Al Imam Asy Syafi’i berkata: “Barangsiapa yang menganggap baiknya
suatu amalan (tanpa dalil), berarti ia telah membuat syari’at.” (Al
Muhalla fi Jam’il Jawaami’ 2/395)
Demikian pula semata-mata mencintai Nabi tanpa meniti jalannya dan
jalan orang-orang yang dicintai oleh Allah dan Rasul-Nya yakni para
sahabat, adalah kecintaan yang palsu. Dengan tegas Allah berfirman
(artinya): “Katakanlah (wahai Muhammad), jika kalian mencintai Allah, maka ikutilah aku.” (Ali Imran: 31)
Syaikhul Islam Ibnu Taimiyyah berkata: “Sesungguhnya kesempurnaan
cinta dan pengagungan terhadap Rasul terletak pada (kuatnya) ittiba’
(mengikuti jejaknya), ketaatan kepadanya, menjalankan perintahnya,
menghidupkan sunnahnya lahir maupun batin, dan menyebarkannya serta
berjihad dalam upaya tersebut baik dengan hati, tangan dan lisan.”
(Iqtidha’ Shirathil Mustaqim: 2/122)
Para pembaca, mungkin dalam hati kecil ada yang bergumam: “Tidakkah peringatan maulid Nabi ini termasuk bid’ah hasanah?”
Kita katakan bahwa Rasulullah bersabda (yang artinya): “Hati-hatilah
kalian dari perkara-perkara yang diada-adakan (dalam agama) karena
sungguh semua yang diada-adakan (dalam agama) adalah bid’ah, dan setiap
bid’ah itu adalah sesat.” (HR. Abu Dawud & Ibnu Majah)
Beranikah seorang yang mengaku cinta kepada Rasulullah menyelisihi
sabda beliau? Rasulullah nyatakan setiap bid’ah itu adalah sesat, lalu
ia menyatakan bahwa ada bid’ah yang hasanah (baik)?!! Sungguh ironis
seorang yang katanya cinta kepada Rasul sehingga sangat berkepentingan
untuk memperingati hari kelahirannya, namun dalam mewujudkannya harus
menentang Rasulullah. Apakah itu hakekat cinta kepada Allah dan
Rasul-Nya? Tentu jawabannya ‘Tidak’, karena hakekat cinta kepada Allah
dan Rasul-Nya adalah dengan ketaatan yang sempurna kepada keduanya,
sebagaimana yang dikandung oleh firman Allah dalam Q.S Ali Imran:31.

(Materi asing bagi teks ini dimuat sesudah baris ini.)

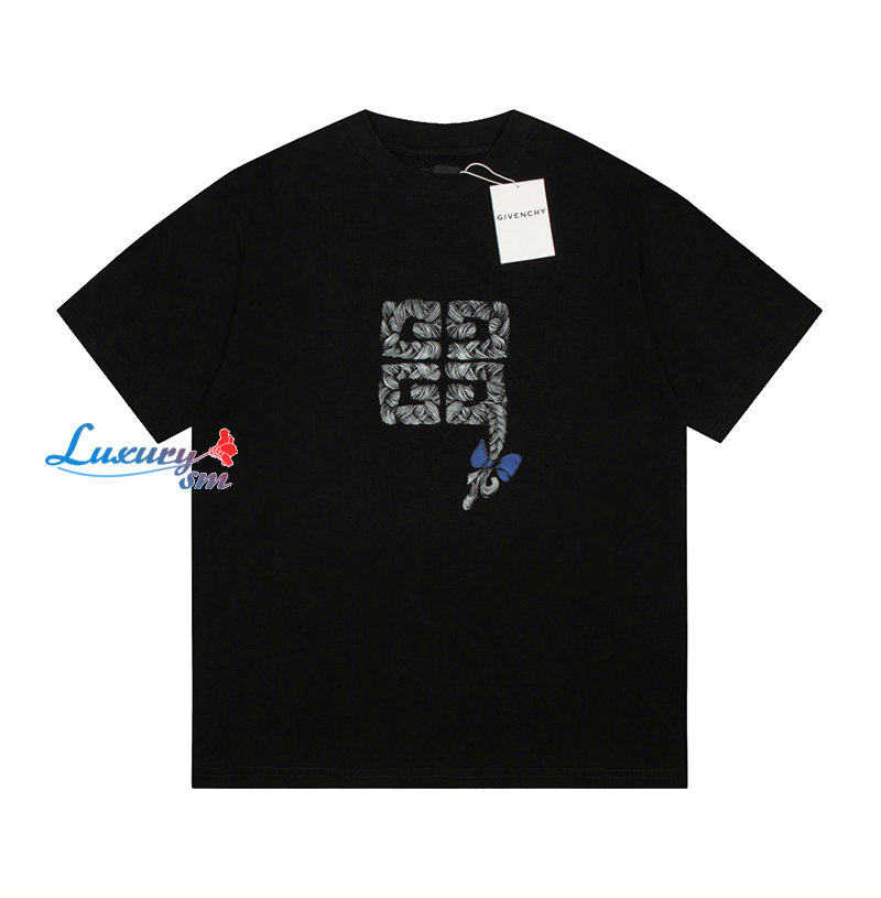 GIVENCHY-07248 지방시 블랙 4G 프린트 장식 티셔츠 남여공용

Cukuplah sebagai bukti kesesatannya dan bukan hasanah, ketika
Rasulullah, para sahabatnya, para tabi’in, tabi’ut tabi’in dan para imam
setelah mereka (termasuk imam yang empat), tidak melakukannya dan tidak
pernah membimbing umat untuk mengerjakannya. Kalaulah ia hasanah, pasti
mereka telah merayakannya dan menyumbangkan segala apa yang mereka
punya untuk acara tersebut, namun ternyata mereka tidak melakukannya.
Sahabat Abdullah bin Umar berkata: “Setiap bid’ah itu sesat walaupun
orang-orang menganggapnya hasanah (baik). (Al Ushul I’tiqad Al Lika’i:
1/109)
Al Imam Malik berkata: “Barangsiapa mengada-adakan perkara baru
dalam agama yang dia pandang itu adalah baik, sungguh ia telah menuduh
bahwa nabi Muhammad telah berkhianat terhadap risalah (yang beliau
emban). Karena Allah berfirman (artinya): “Pada hari ini telah
Ku-sempurnakan agama bagi kalian, dan Aku telah lengkapkan nikmat-Ku
atas kalian dan Aku telah ridha Islam menjadi agama kalian”. Atas
dasar ini, segala perkara yang pada waktu itu (yakni di masa nabi/para
sahabat) bukan bagian dari agama, maka pada hari ini pula perkara itu
bukan termasuk agama.” (Al I’tisham: 1/49)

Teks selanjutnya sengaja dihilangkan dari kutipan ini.